• **Task requirements**: Search the listing below for the line containing "Figure 16. Burial". From there through the line containing "During the burial, community", transcribe every line exactly, both ends included.

• **Task inputs**:
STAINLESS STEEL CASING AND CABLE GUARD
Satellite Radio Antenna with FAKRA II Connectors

==

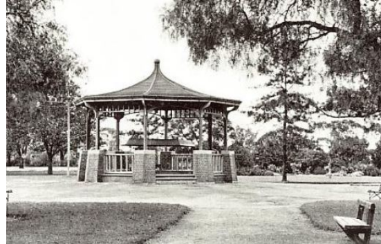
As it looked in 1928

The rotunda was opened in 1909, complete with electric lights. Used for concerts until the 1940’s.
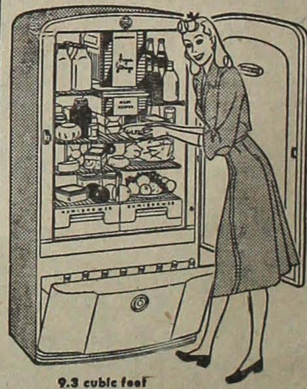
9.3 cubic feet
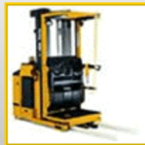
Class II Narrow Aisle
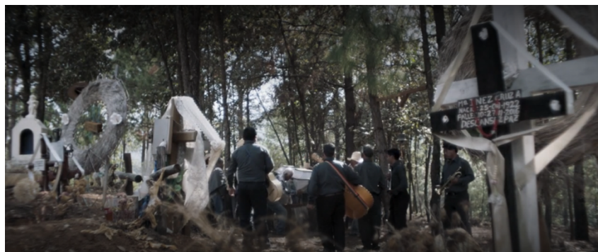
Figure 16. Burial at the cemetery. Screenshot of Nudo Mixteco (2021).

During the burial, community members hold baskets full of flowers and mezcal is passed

• **Answer to the exercise**:
Figure 16. Burial at the cemetery. Screenshot of Nudo Mixteco (2021).

During the burial, community members hold baskets full of flowers and mezcal is passed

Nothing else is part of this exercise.